Start of Block

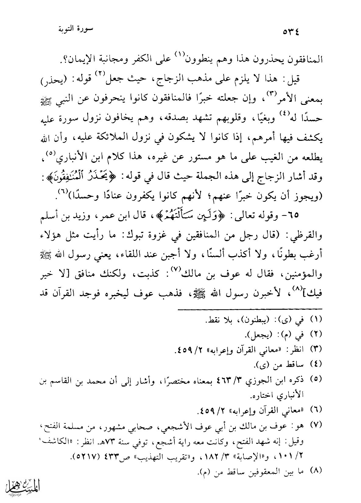 قيل: هذا لا يلزم على مذهب الزجاج، حيث جعل (¬2) قوله: (يحذر) بمعنى الأمر (¬3)، وإن جعلته خبرًا فالمنافقون كانوا ينحرفون عن النبي -صلى الله عليه وسلم- حسدًا له (¬4) وبغيًا، وقلوبهم تشهد بصدقه، وهم يخافون نزول سورة عليه يكشف فيها أمرهم، إذا كانوا لا يشكون في نزول الملائكة عليه، وأن الله يطلعه من الغيب على ما هو مستور عن غيره، هذا كلام ابن الأنباري (¬5)، وقد أشار الزجاج إلى هذه الجملة حيمث قال في قوله: {يَحْذَرُ الْمُنَافِقُونَ}: (ويجوز أن يكون خبرًا عنهم؛ لأنهم كانوا يكفرون عنادًا وحسدًا) (¬6).
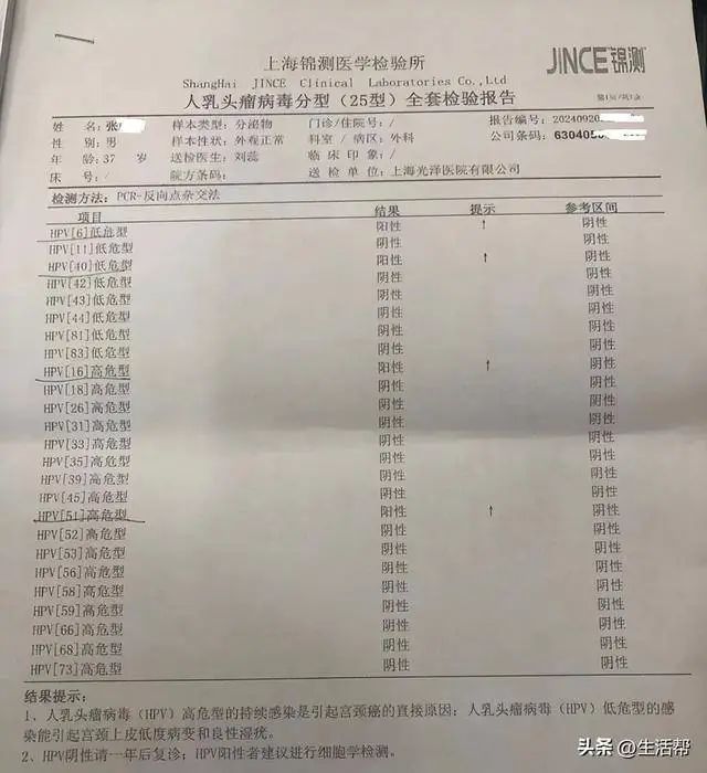 为了真正查清“病因”,9月26日,张先生又来到上海市第十人民医院检查。根据他所述情况,医生开具了HPV病毒检查单,隔天报告显示“全部指标都为阴性”。“我拿上报告问医生,他告诉我什么病都没有,不用治疗。”三甲医院的检查结果让张先生很是气愤,“我什么病都没有,光泽医院为什么让我花这么多钱治病呢?”
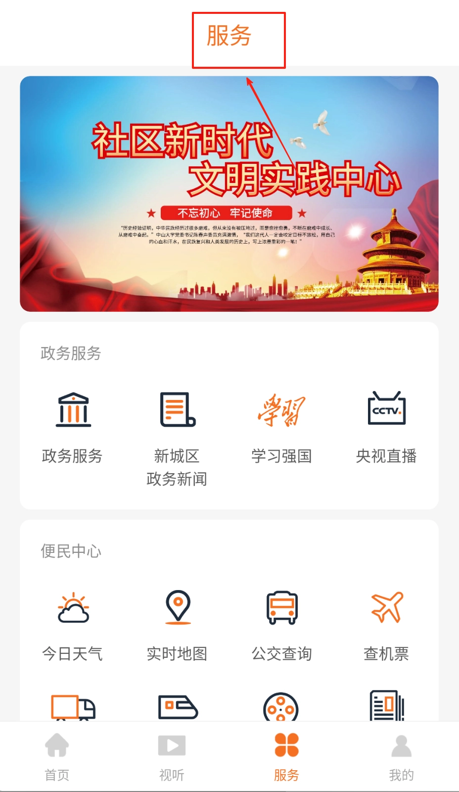 3、通过底部导航栏进入政务中心查询政策文件,使用便民服务模块完成生活事务处理。

End of Block

> [YOUR GOAL]:
Reproduce the whole listing exactly, but not the images in it.

> [WORKED SOLUTION]:
 قيل: هذا لا يلزم على مذهب الزجاج، حيث جعل (¬2) قوله: (يحذر) بمعنى الأمر (¬3)، وإن جعلته خبرًا فالمنافقون كانوا ينحرفون عن النبي -صلى الله عليه وسلم- حسدًا له (¬4) وبغيًا، وقلوبهم تشهد بصدقه، وهم يخافون نزول سورة عليه يكشف فيها أمرهم، إذا كانوا لا يشكون في نزول الملائكة عليه، وأن الله يطلعه من الغيب على ما هو مستور عن غيره، هذا كلام ابن الأنباري (¬5)، وقد أشار الزجاج إلى هذه الجملة حيمث قال في قوله: {يَحْذَرُ الْمُنَافِقُونَ}: (ويجوز أن يكون خبرًا عنهم؛ لأنهم كانوا يكفرون عنادًا وحسدًا) (¬6).
 为了真正查清“病因”,9月26日,张先生又来到上海市第十人民医院检查。根据他所述情况,医生开具了HPV病毒检查单,隔天报告显示“全部指标都为阴性”。“我拿上报告问医生,他告诉我什么病都没有,不用治疗。”三甲医院的检查结果让张先生很是气愤,“我什么病都没有,光泽医院为什么让我花这么多钱治病呢?”
 3、通过底部导航栏进入政务中心查询政策文件,使用便民服务模块完成生活事务处理。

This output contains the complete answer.